Records for processing

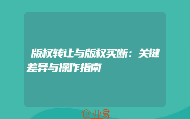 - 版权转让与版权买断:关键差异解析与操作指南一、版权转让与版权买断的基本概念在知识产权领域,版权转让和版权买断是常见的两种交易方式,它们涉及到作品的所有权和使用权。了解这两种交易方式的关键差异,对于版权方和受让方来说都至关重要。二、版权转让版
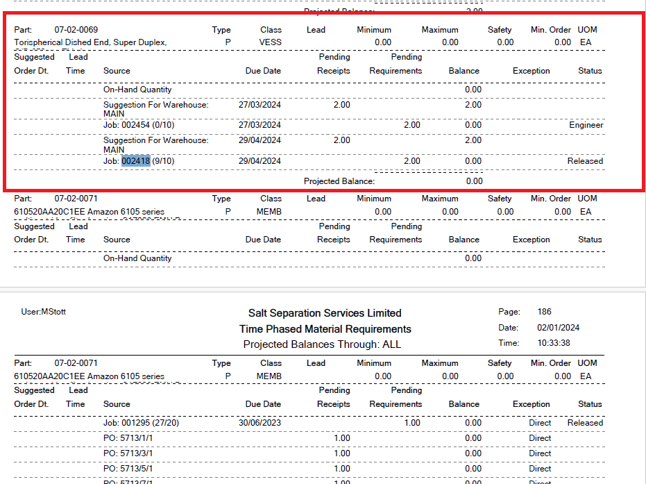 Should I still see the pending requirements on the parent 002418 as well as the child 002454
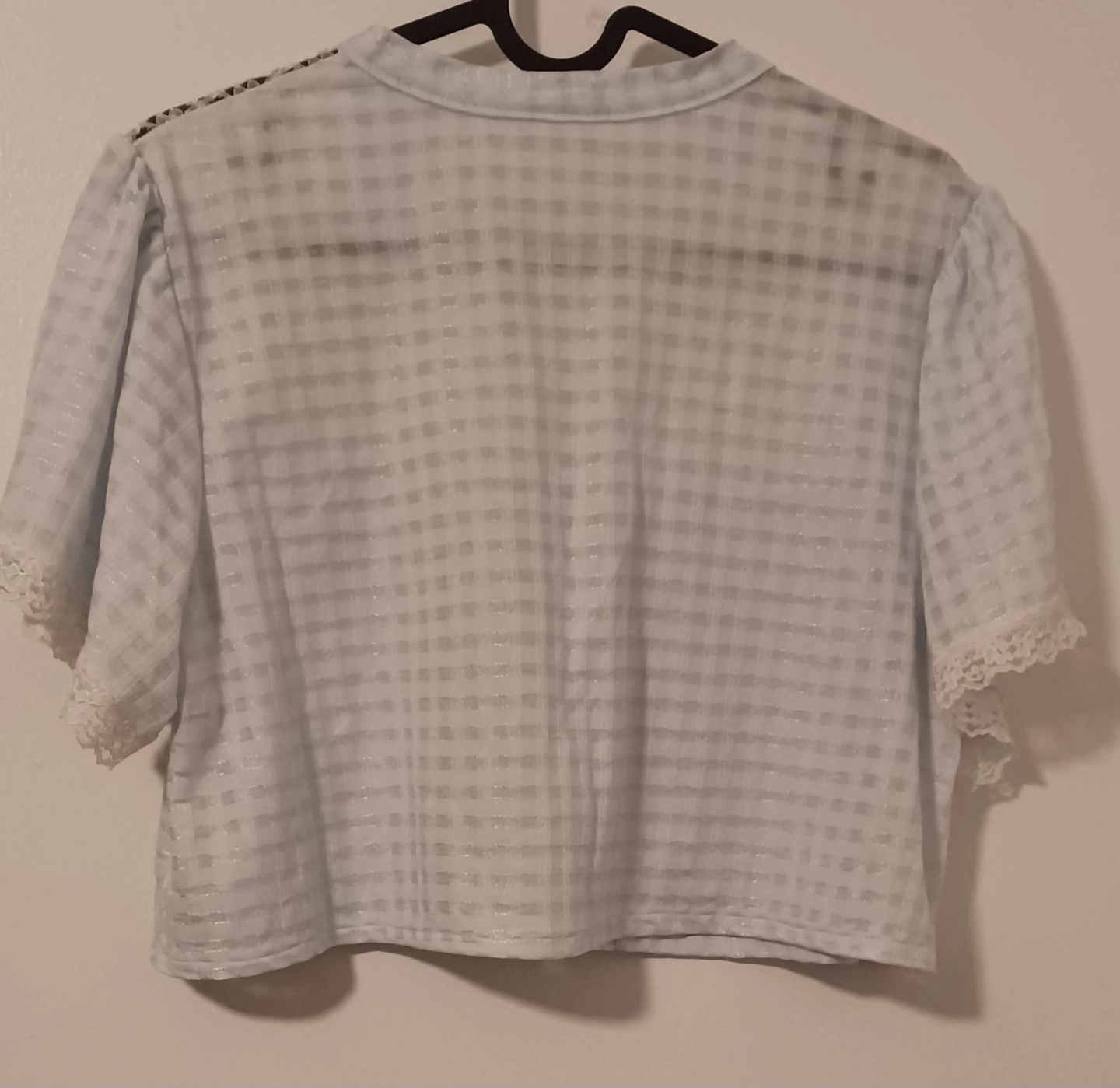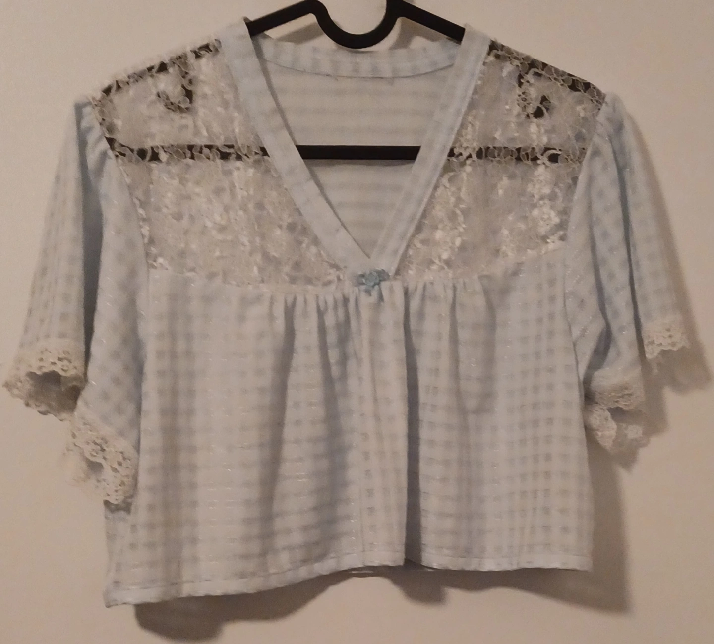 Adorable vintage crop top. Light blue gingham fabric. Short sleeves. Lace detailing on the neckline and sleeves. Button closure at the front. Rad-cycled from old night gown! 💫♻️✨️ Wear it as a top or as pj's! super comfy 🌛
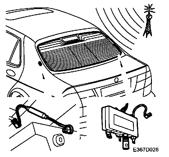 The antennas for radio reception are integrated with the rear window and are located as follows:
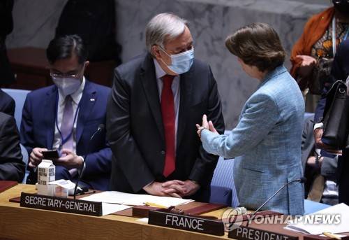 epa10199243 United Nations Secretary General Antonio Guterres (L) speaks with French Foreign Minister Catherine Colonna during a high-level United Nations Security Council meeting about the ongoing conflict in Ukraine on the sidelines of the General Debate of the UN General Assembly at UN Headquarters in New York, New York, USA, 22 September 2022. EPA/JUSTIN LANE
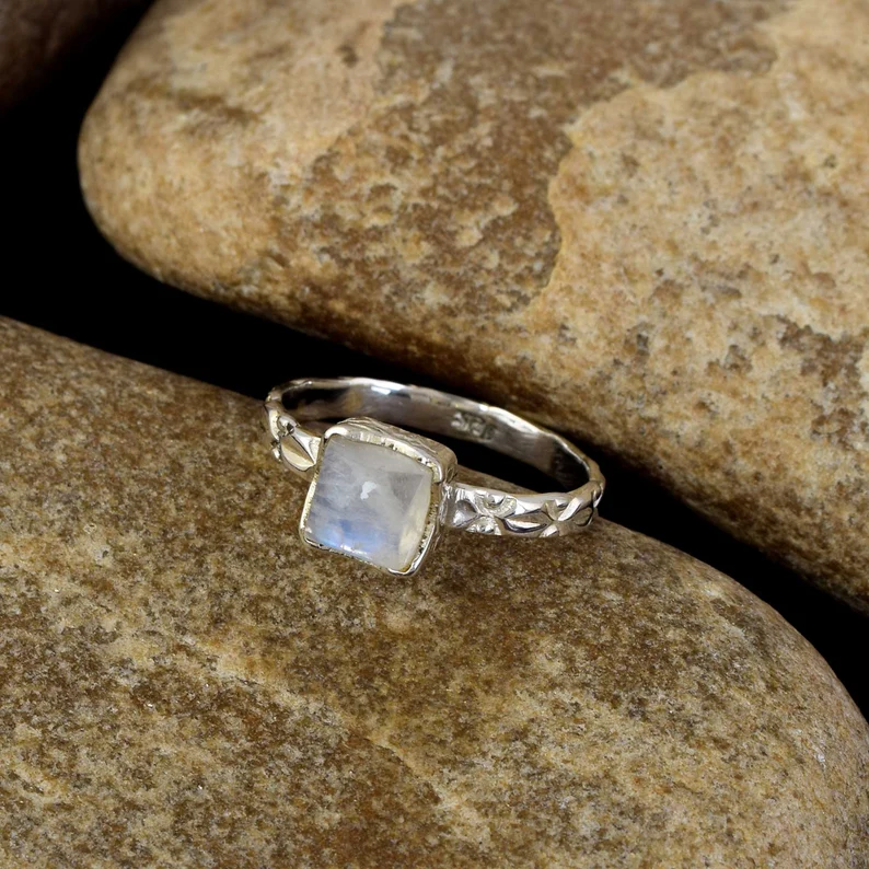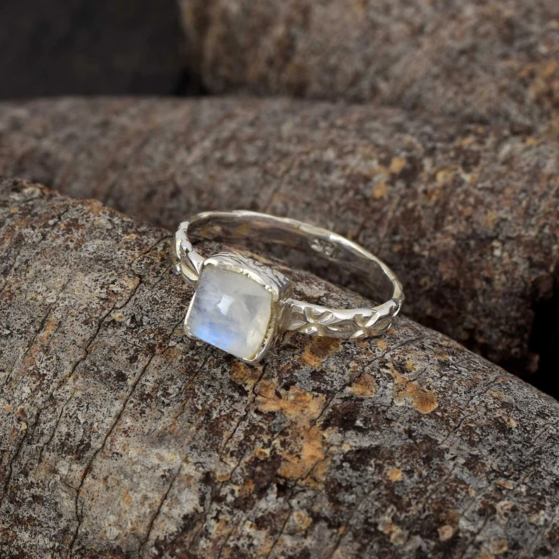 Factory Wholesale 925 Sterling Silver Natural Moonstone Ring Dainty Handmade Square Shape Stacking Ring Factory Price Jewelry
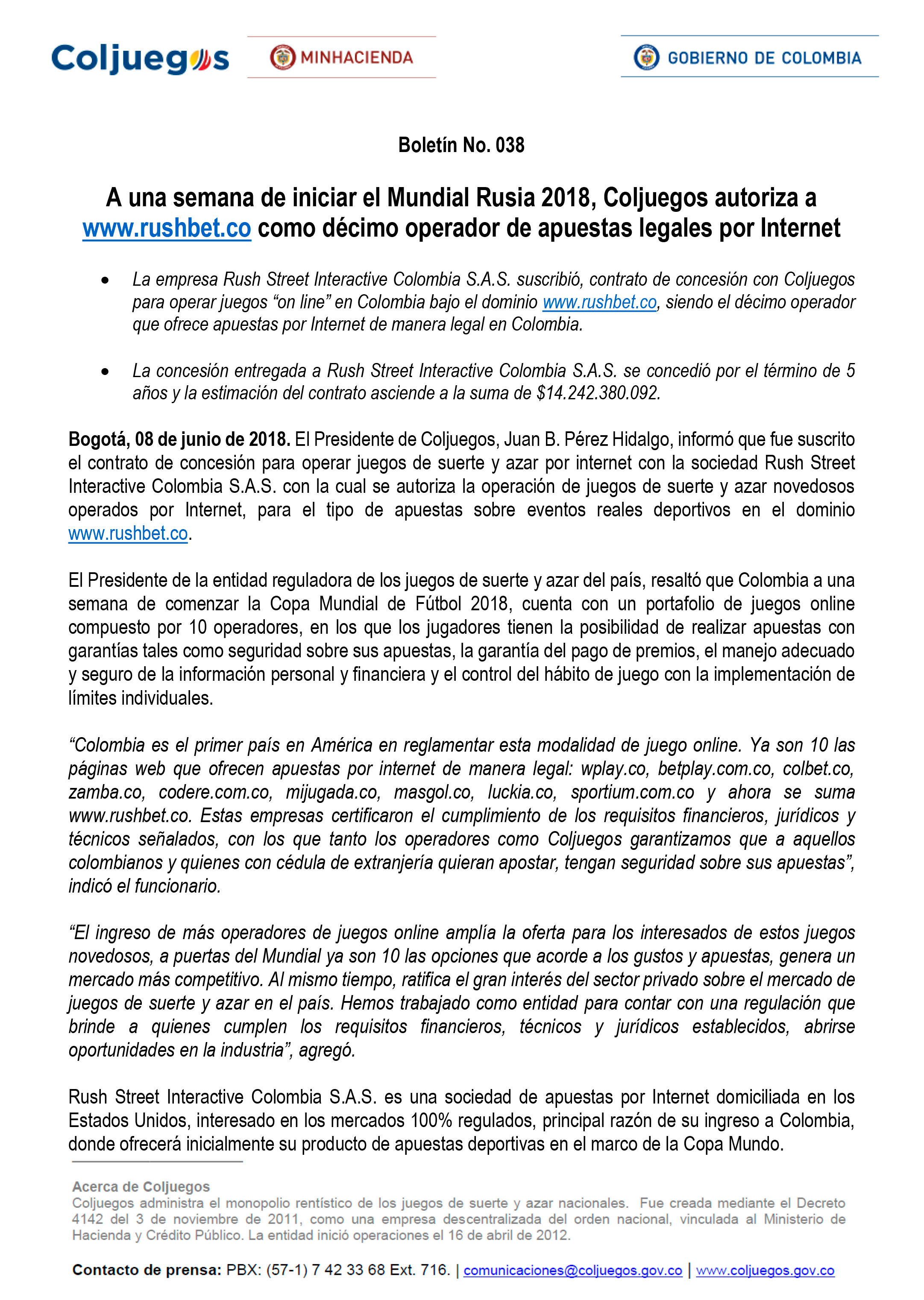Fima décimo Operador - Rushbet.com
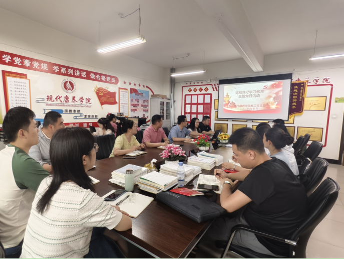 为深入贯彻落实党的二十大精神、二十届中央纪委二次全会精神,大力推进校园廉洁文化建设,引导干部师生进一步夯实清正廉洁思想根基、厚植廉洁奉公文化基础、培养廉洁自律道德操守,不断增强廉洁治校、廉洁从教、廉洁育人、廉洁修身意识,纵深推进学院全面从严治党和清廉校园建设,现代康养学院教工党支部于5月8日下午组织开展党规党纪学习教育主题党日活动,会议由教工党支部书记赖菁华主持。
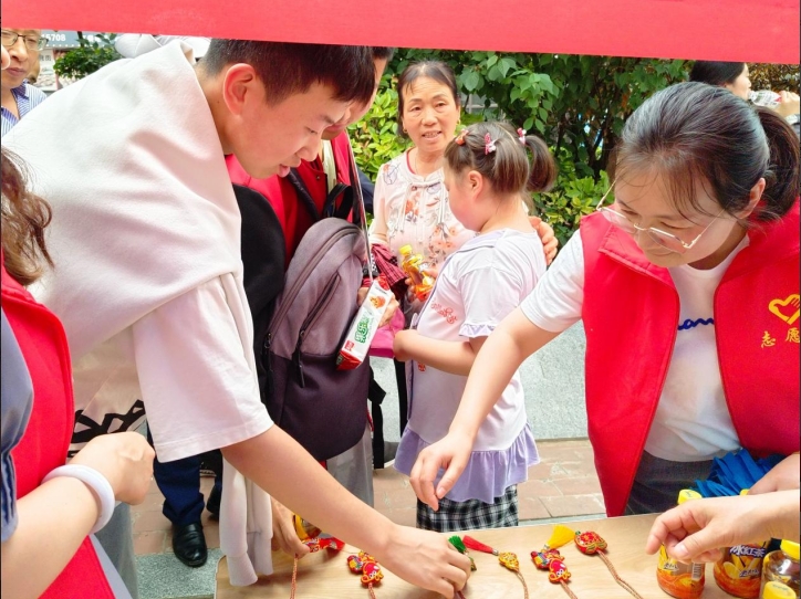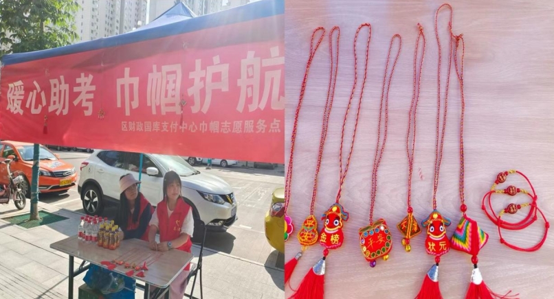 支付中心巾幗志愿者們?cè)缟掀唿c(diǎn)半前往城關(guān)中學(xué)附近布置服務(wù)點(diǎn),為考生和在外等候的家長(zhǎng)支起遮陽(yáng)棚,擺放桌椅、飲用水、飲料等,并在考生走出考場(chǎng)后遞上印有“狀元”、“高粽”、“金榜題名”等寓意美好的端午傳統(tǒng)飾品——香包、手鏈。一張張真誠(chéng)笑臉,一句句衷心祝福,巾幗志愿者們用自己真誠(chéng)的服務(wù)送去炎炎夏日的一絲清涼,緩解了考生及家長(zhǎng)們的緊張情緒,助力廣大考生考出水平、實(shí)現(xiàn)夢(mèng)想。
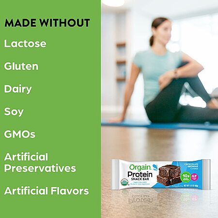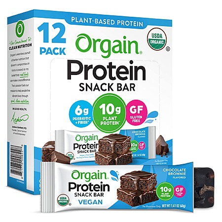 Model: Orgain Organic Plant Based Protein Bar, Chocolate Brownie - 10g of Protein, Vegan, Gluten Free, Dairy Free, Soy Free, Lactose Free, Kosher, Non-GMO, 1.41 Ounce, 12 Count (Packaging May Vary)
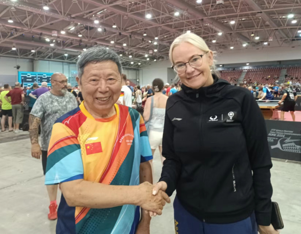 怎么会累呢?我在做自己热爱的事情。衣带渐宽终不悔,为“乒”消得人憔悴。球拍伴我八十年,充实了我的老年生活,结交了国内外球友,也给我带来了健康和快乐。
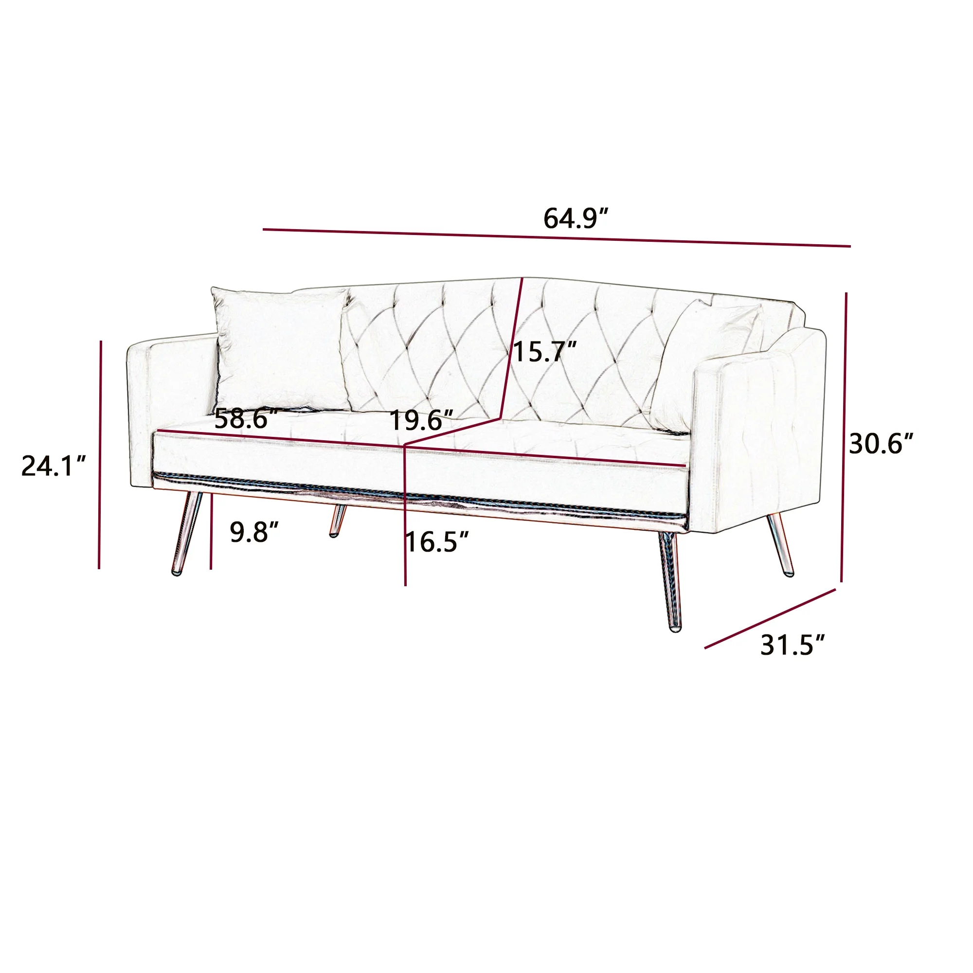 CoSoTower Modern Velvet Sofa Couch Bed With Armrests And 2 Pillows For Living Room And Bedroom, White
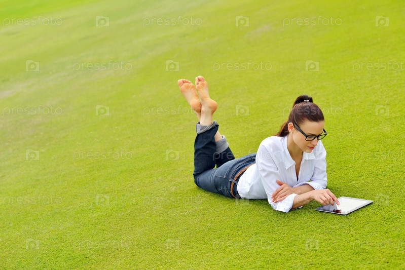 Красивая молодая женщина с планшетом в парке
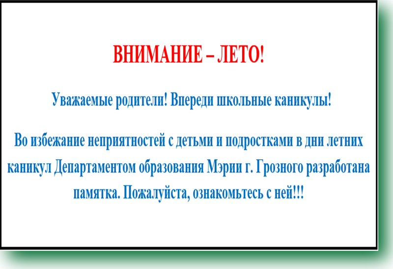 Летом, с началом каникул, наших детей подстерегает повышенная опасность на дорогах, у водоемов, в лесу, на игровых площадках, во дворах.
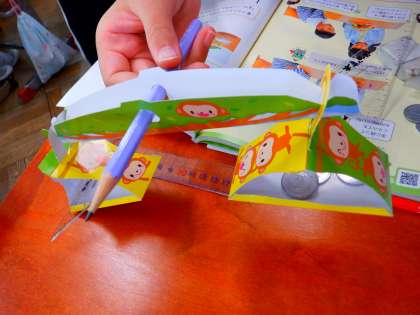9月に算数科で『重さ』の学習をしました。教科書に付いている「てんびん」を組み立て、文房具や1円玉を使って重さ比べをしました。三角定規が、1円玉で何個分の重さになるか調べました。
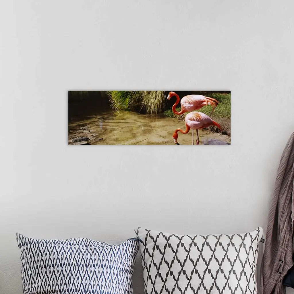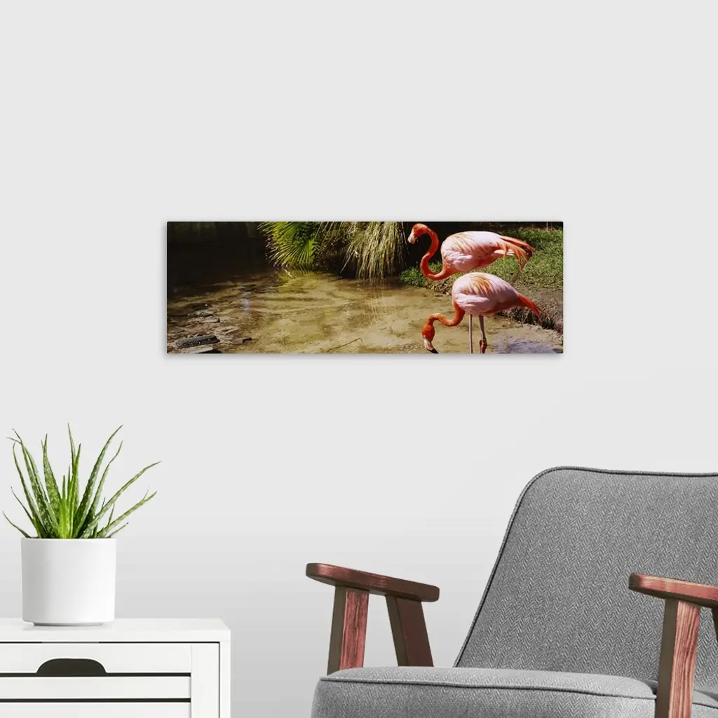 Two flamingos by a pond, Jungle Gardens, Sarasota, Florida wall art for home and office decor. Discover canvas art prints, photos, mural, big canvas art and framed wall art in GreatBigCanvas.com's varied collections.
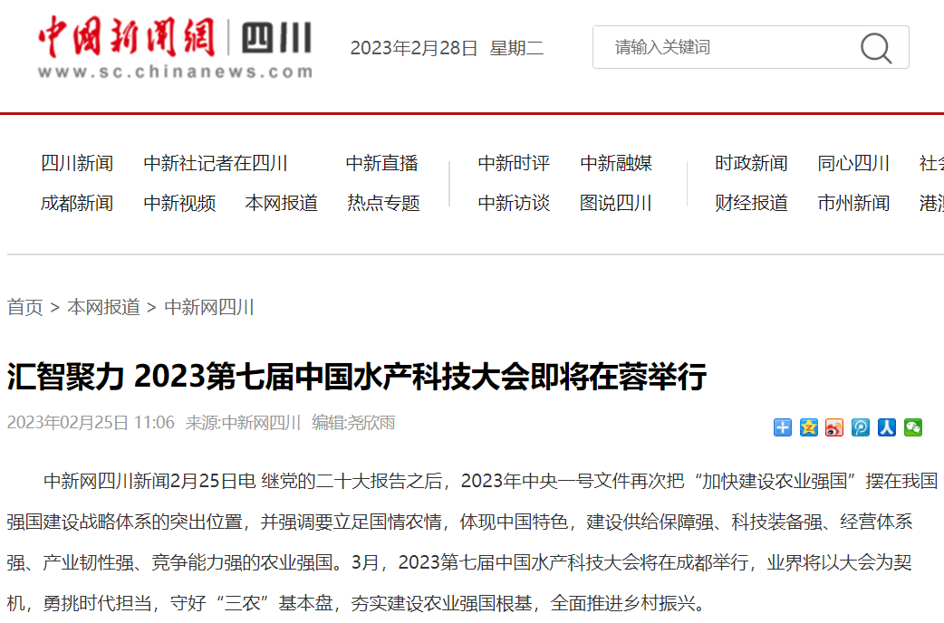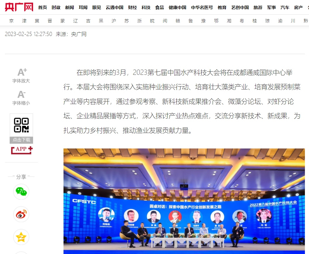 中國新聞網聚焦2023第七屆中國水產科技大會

What you are asked to do
Within the data above, repeat exactly the lines from the one bearing "Adorable vintage crop" through the one bearing "Factory Wholesale 925". Include no pictures and nothing else.

Final answer
 Adorable vintage crop top. Light blue gingham fabric. Short sleeves. Lace detailing on the neckline and sleeves. Button closure at the front. Rad-cycled from old night gown! 💫♻️✨️ Wear it as a top or as pj's! super comfy 🌛
 The antennas for radio reception are integrated with the rear window and are located as follows:
 epa10199243 United Nations Secretary General Antonio Guterres (L) speaks with French Foreign Minister Catherine Colonna during a high-level United Nations Security Council meeting about the ongoing conflict in Ukraine on the sidelines of the General Debate of the UN General Assembly at UN Headquarters in New York, New York, USA, 22 September 2022. EPA/JUSTIN LANE
 Factory Wholesale 925 Sterling Silver Natural Moonstone Ring Dainty Handmade Square Shape Stacking Ring Factory Price Jewelry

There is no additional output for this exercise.